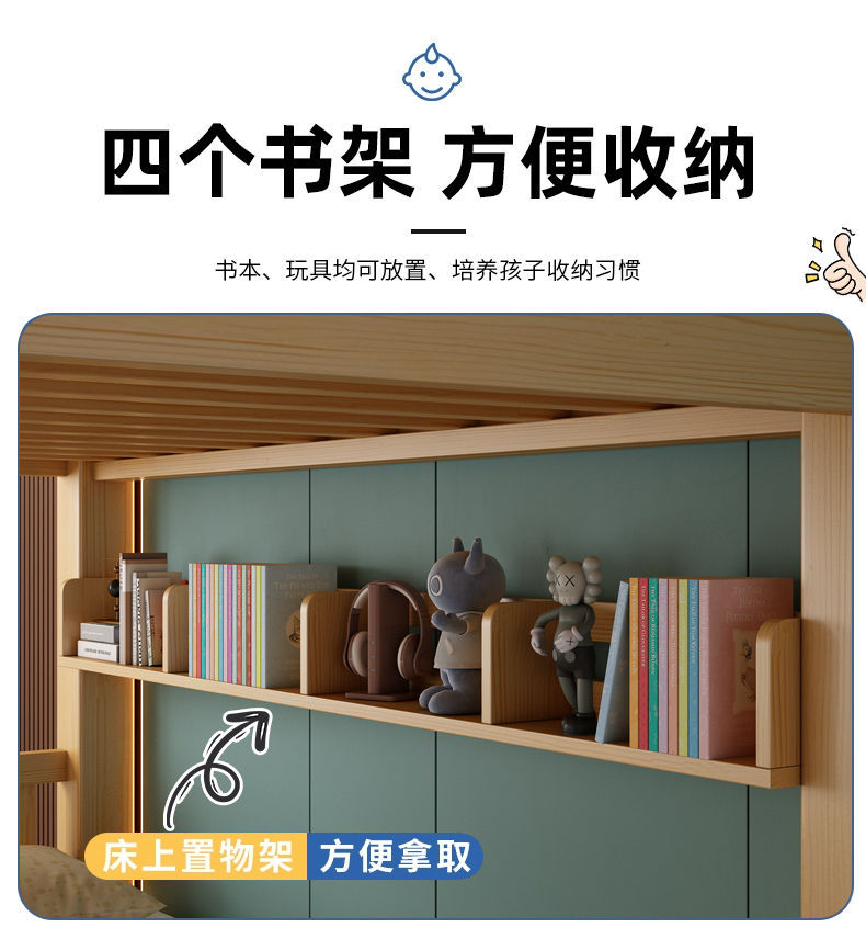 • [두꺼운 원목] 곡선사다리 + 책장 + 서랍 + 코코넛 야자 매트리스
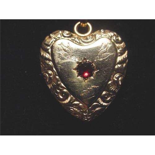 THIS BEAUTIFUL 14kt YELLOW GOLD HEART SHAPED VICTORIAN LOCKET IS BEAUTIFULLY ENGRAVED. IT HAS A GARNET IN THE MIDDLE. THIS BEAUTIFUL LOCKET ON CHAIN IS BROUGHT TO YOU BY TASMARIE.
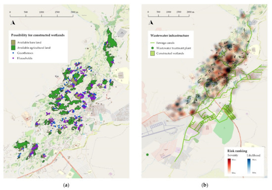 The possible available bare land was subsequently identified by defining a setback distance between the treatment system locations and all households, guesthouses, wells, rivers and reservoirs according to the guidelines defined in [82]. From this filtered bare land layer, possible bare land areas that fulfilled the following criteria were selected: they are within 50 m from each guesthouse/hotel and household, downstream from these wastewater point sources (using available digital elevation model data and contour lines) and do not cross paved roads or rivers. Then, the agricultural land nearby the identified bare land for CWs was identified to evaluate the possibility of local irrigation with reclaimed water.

────────────────────

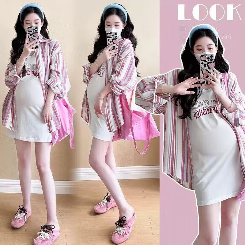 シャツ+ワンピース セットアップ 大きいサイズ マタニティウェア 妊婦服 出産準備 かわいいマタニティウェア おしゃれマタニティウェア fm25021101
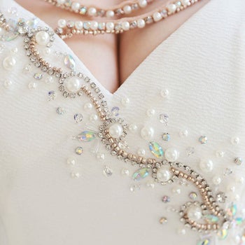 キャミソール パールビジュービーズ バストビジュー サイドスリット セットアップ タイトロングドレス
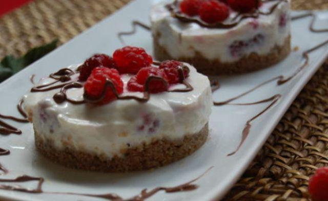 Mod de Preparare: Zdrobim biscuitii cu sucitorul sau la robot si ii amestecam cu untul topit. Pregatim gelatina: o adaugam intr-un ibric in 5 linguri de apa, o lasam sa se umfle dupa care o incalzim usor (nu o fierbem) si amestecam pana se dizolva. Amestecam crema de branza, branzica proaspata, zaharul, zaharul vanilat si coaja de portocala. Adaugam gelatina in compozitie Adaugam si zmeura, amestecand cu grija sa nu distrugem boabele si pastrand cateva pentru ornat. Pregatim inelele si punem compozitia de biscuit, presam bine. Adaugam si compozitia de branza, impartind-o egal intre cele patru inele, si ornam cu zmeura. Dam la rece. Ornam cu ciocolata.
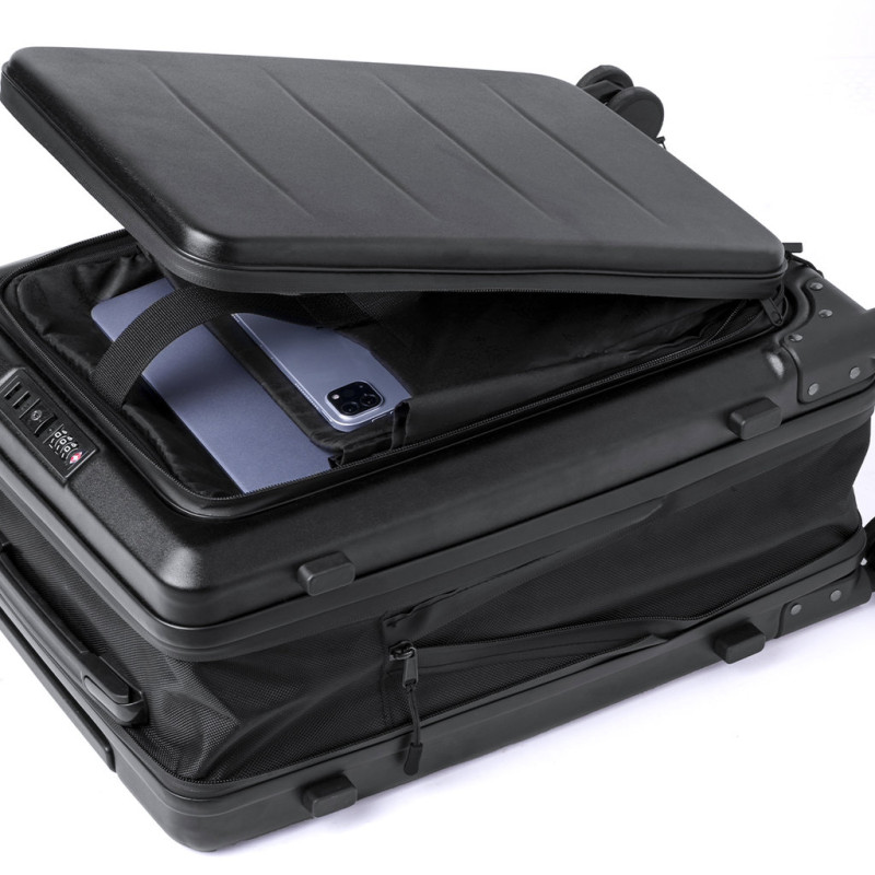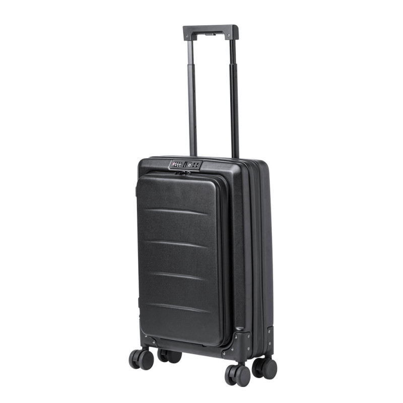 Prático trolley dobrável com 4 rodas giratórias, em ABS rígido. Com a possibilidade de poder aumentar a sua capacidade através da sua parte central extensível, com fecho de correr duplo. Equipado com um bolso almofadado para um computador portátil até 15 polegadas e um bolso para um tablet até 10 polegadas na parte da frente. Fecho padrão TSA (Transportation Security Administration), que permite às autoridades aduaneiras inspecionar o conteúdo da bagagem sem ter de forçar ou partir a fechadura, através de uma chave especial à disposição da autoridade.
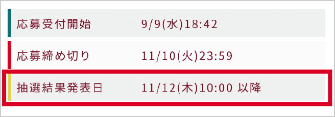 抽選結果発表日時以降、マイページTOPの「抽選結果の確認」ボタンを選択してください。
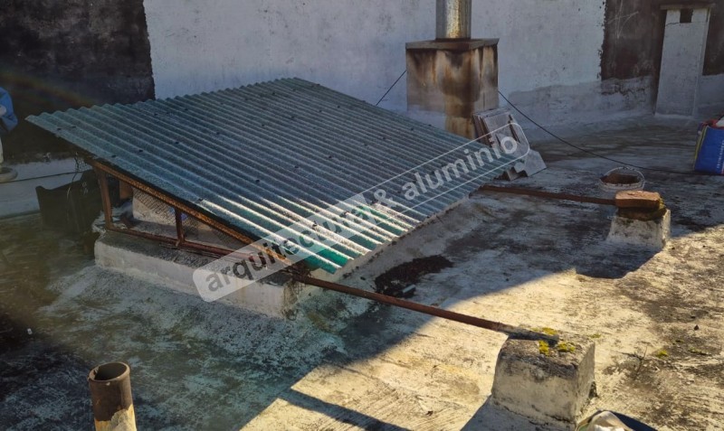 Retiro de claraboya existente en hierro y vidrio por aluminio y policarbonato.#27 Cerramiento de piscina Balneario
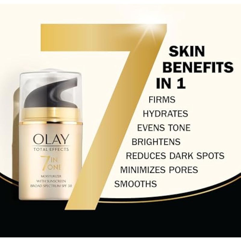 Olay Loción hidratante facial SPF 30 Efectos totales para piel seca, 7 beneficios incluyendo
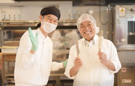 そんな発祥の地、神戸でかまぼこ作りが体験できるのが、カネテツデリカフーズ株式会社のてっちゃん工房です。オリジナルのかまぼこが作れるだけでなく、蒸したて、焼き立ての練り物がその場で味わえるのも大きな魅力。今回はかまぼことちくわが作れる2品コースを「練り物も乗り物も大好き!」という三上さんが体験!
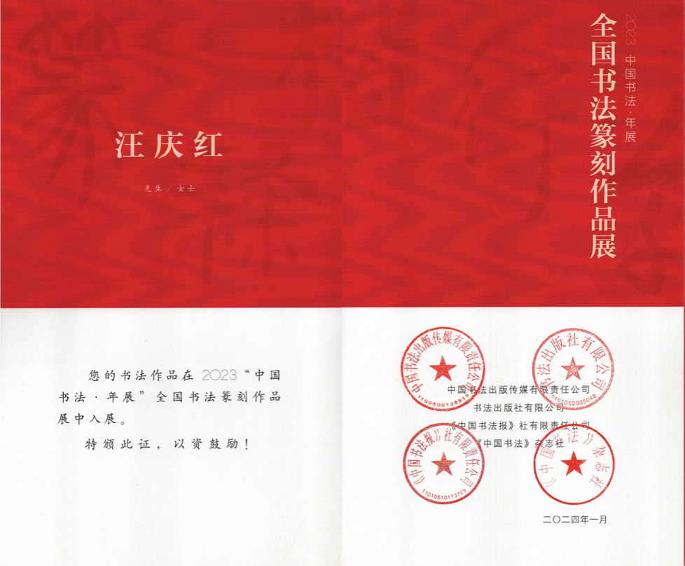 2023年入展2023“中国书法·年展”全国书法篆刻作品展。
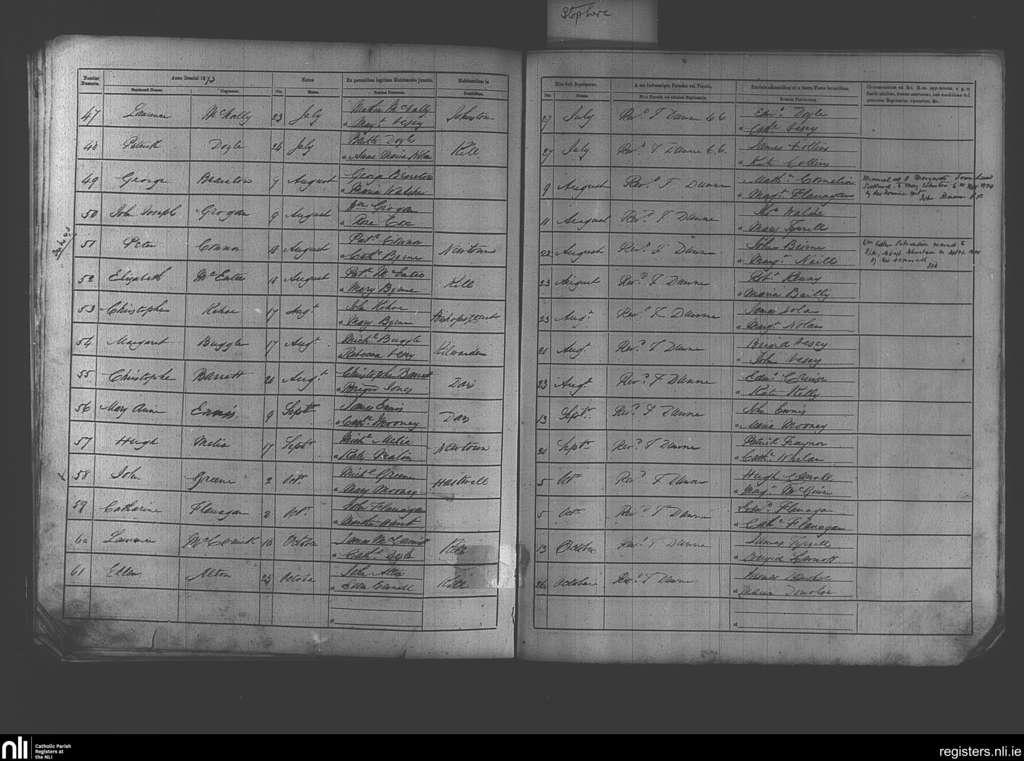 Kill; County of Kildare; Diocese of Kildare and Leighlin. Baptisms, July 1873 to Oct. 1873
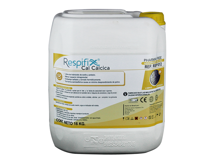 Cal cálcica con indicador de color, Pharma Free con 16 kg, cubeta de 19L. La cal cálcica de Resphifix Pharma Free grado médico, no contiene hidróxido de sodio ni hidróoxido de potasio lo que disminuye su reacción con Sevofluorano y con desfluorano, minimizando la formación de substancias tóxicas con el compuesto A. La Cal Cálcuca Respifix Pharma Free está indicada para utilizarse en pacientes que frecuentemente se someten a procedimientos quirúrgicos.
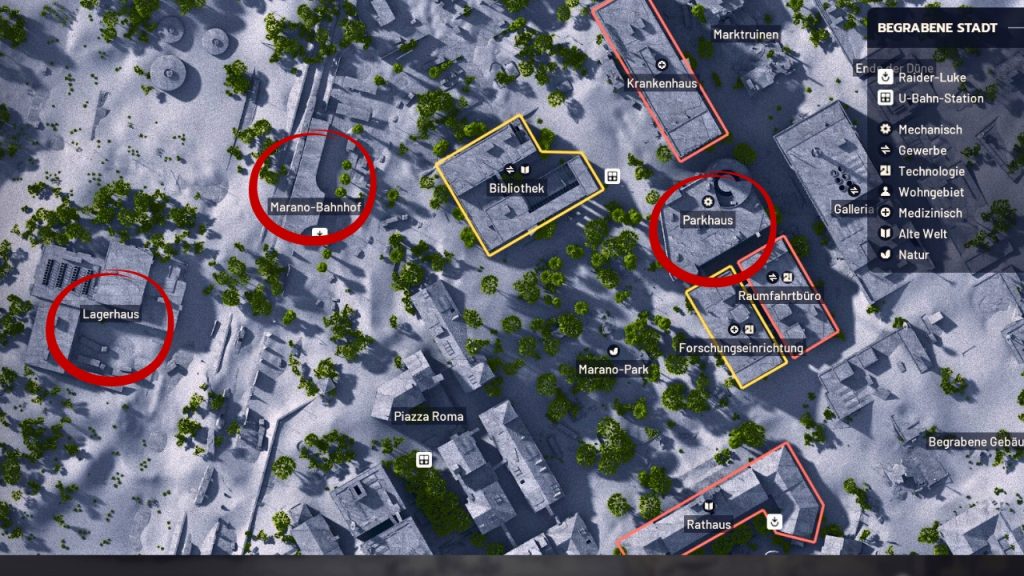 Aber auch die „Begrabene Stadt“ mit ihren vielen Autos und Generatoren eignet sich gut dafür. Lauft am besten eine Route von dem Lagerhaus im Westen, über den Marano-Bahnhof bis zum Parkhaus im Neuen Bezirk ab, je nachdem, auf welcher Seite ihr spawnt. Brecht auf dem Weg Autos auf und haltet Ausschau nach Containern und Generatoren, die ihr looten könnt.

────────────────────

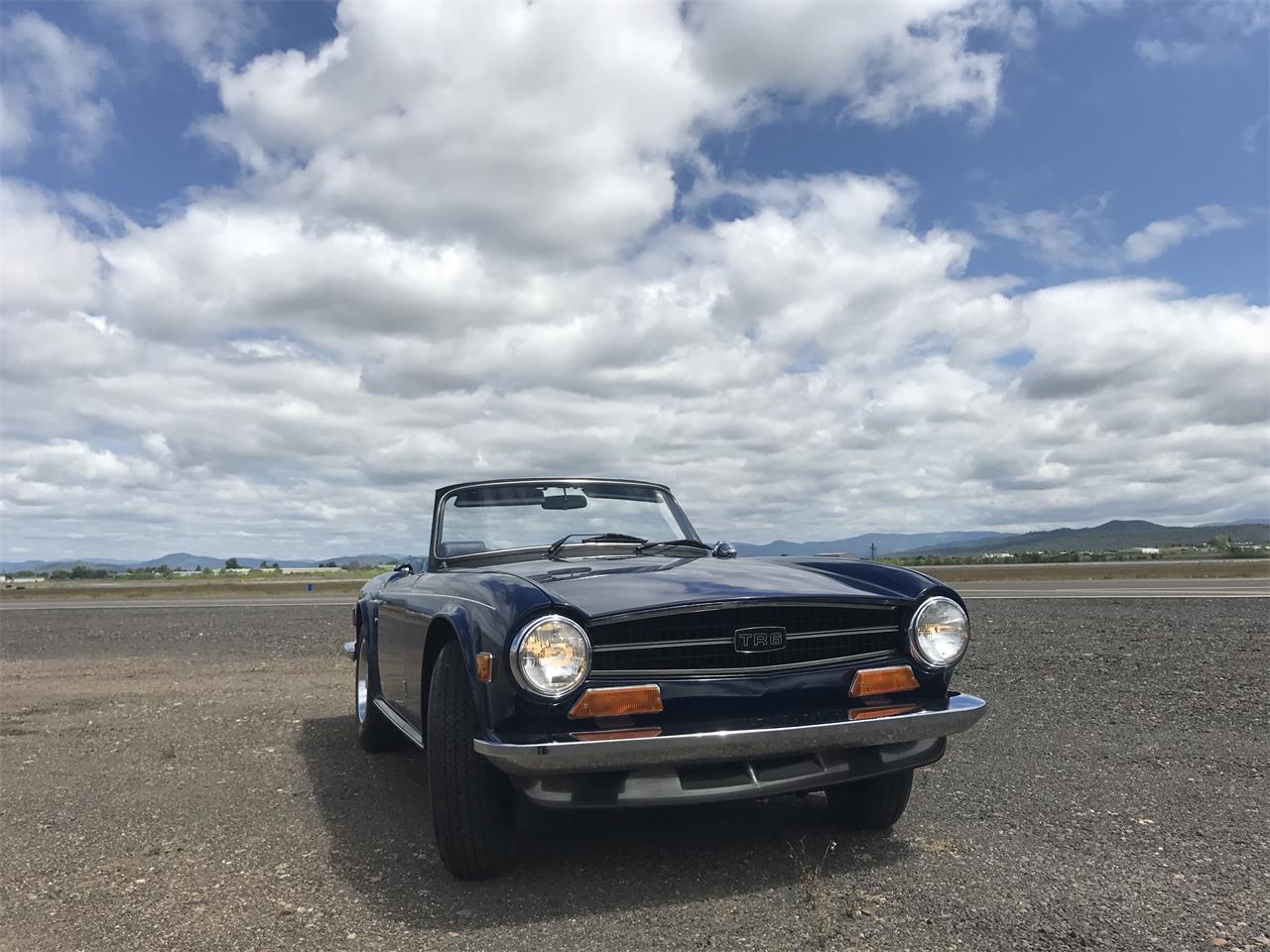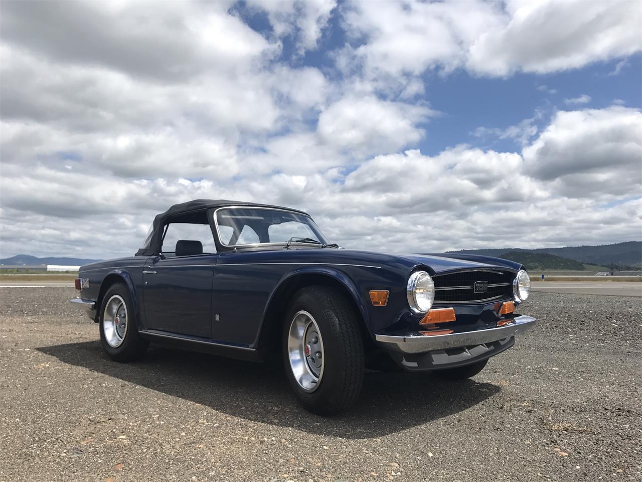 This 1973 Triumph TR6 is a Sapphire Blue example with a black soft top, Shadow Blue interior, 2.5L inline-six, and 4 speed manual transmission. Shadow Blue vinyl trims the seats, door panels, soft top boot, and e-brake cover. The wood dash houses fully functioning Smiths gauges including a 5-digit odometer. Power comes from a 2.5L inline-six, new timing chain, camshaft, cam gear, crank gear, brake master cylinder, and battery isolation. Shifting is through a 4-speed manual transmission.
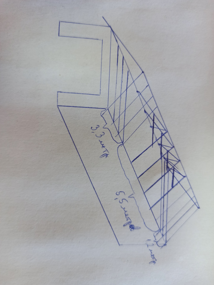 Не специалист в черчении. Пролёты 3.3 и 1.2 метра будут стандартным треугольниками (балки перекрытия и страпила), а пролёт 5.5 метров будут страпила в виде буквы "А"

────────────────────

Above are some entries. Restate word for word the lines from the one holding "シャツ+ワンピース セットアップ 大きいサイズ" through the one holding "Mod de Preparare: Zdrobim", but not the pictures.

 シャツ+ワンピース セットアップ 大きいサイズ マタニティウェア 妊婦服 出産準備 かわいいマタニティウェア おしゃれマタニティウェア fm25021101
 キャミソール パールビジュービーズ バストビジュー サイドスリット セットアップ タイトロングドレス
 Mod de Preparare: Zdrobim biscuitii cu sucitorul sau la robot si ii amestecam cu untul topit. Pregatim gelatina: o adaugam intr-un ibric in 5 linguri de apa, o lasam sa se umfle dupa care o incalzim usor (nu o fierbem) si amestecam pana se dizolva. Amestecam crema de branza, branzica proaspata, zaharul, zaharul vanilat si coaja de portocala. Adaugam gelatina in compozitie Adaugam si zmeura, amestecand cu grija sa nu distrugem boabele si pastrand cateva pentru ornat. Pregatim inelele si punem compozitia de biscuit, presam bine. Adaugam si compozitia de branza, impartind-o egal intre cele patru inele, si ornam cu zmeura. Dam la rece. Ornam cu ciocolata.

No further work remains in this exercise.